1. Field of the Invention
The present invention relates generally to automated storage libraries and specifically to a method and apparatus for slowing and stopping a robotic picker associated with such a library.
2. Description of the Prior Art
Many business and technical applications require very large databases for storing information used in connection with the applications. Database storage requirements can exceed hundreds or thousands of gigabytes of data. Often these storage requirements can not be met by disk drive storage due to cost and/or physical space limitations. Data storage for such large databases are typically stored on magnetic tape which provides the lowest storage cost per unit of data.
Tape storage, however, generally requires the longest access time among existing technologies for retrieving tile stored data. There are two primary reasons for this. First, once a tape is loaded into a tape drive, accessing the data stored on the tape is substantially slower than accessing data stored on devices such as a direct access storage device (DASD) or an optical disk. This is primarily due to the respective transport speeds of the data containing medium as well as the bandwidth attainable by the read heads present in the respective storage devices. Secondly, the time require to locate the desired tape and transport it to the tape drive for loading can bring about substantial delays. Depending on the size of the database, the totality of data can often be stored on DASD devices which do not require transport back and forth to the read head as with tape libraries.
Early magnetic tape databases required an operator, when prompted, to retrieve a tape from a shelf and load the tape into a tape drive. This procedure was not only time consuming but was also prone to human operator errors. Automated storage libraries such as that disclosed in U.S Pat. No. 5,015,139 have been developed to overcome the delays associated with loading and unloading tapes. In addition, automated storage libraries eliminate the above described human operator errors associated with handling the tapes.
The ability to place larger amounts of data on tape has derived principally from two technological advancements. First, actual cartridge size has been diminished as a result of various mechanical advances. Secondly, media properties have been improved to store more data on a given area of tape. Data can currently be written to eighteen tracks or more. It can be thus be seen that with the improvements in physical size and media technologies that have taken place over the years, it has become possible to pack more and more data into a smaller and smaller storage element such a tape cartridge. These advances in magnetic tape technology have made automated tape libraries more appealing in recent years.

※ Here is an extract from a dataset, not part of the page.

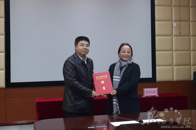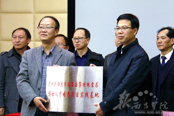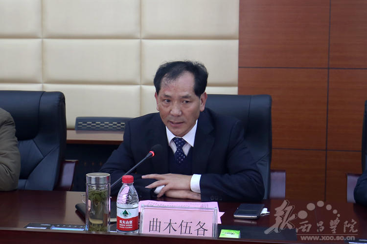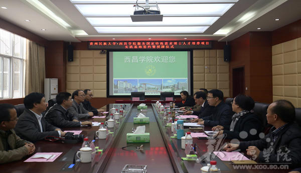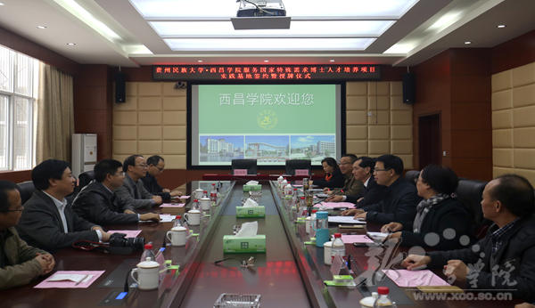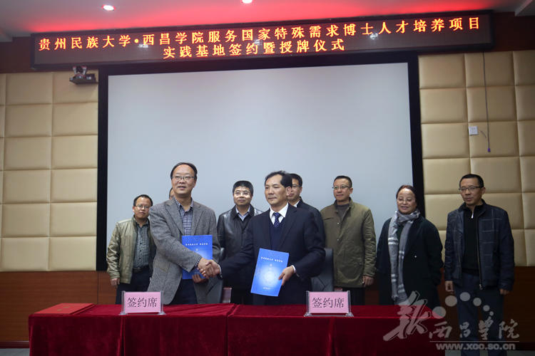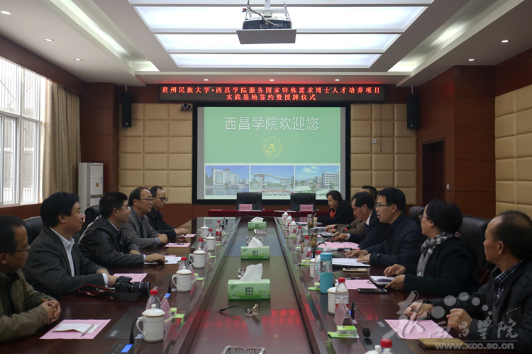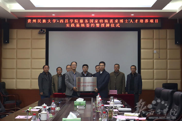 11月28日,贵州民族大学·女仆a片服务国家特殊需求博士人才培养项目实践基地签约暨授牌仪式在我校实训楼会议室召开。贵州民族大学校长陶文亮,副校长肖远平,校办主任何兴发,研究生院副院长王晓晖,科研处副处长柳斌;我校党委常委、副院长胡金朝、曲木伍各,党办、校办主任沈良杰,发展规划处处长阮学勇,人事处处长侯济民,教务处处长胡青龙,科技处副处长贺新宇,学报编辑部副主任孟丽涛,彝研中心副主任洛边木果,党办、校办副主任李秀卿出席了本次会议。会议由曲木伍各同志主持。

Access time and reliability is improved in an automated tape library by automatically managing the storage and retrieval of tape cartridges. Operational benefits of using an automated tape library include greater reliability in tape cartridge mounts, better predictability in request-to-mount time and improved off-shift availability. Automated tape libraries include a large number of storage slots for storing library resident tape cartridges as well as one or more tape drives connected to the data processing system. They also include a robotic picker mechanism. In some cases an input/output port is provided to allow for the insertion and removal of cartridges to and from the library. The robotic picker operates on command from tile processing system to transfer a tape cartridge between a storage slot and a tape drive within seconds. In some cases it may also move a cartridge froth one storage slot to another.
The robotic picker typically includes either a picker or a robotic arm having a vision system and a gripper system. The vision system can view a label or bar code attached to a tape cartridge in order to identify the correct cartridge to be picked. The vision system may also provide feedback to the gripper system so that the gripper system can move to the correct position in order to pick the designated tape cartridge. It will be understood by one of ordinary skill in this art that such a robotic picker can be configured to access and transport a variety of data elements, tape cartridges being only one such element. As such, it will be realized that the novel aspects of this invention can be applied in any sort of automated storage library, the automated tape library being only one possible application.
In the automated tape library, the robotic picker is moved through long distances on a track which establishes a path of conveyance between the tape cartridge library and one or more tape drive units. The robotic picker is driven by a large electric motor. To accomplish the required movement, the electric motor is used to drive a gear transmission which in turn drives a metal pinion gear against a plastic coated rack gear. During normal usage, the acceleration and deceleration of the motor is controlled by an AC servo motor controller. In the event of a power failure or emergency situation, the motor may also be stopped through the use of a mechanical brake that engages automatically to stop the rotation of the motor. The translational motion of the robotic picker is stopped by forces acting between the moving pinion gear and the stationary rack.
If the combination of braking forces applied to the motor are too strong, the forces between the pinion and rack become so high that gear teeth in the rack can be broken or damaged. In the case of an emergency stop it is very important to bring the robotic picker to a complete stop in as short a time period as possible. It is, however, unacceptable to provide this feature at the cost of broken teeth.
A robotic picker and braking circuit for significantly reducing the damage which can be caused by emergency stops and/or power failures is described in a copending, commonly assigned United States Patent application bearing an IBM internal docket number of TU9-93-002. That application was filed on the same day as the subject application. In the following discussion, the TU9-93-002 circuit will be referred to as the "DBU1" (dynamic braking unit) circuit. The DBU1 circuit, while providing controlled braking in most situations, does, however, suffer from some drawbacks. There are a number of circuit properties inherent in the DBU1 circuit that can cause mechanical braking to occur at speeds that are high enough to result in damage to the robotic picker and its related components.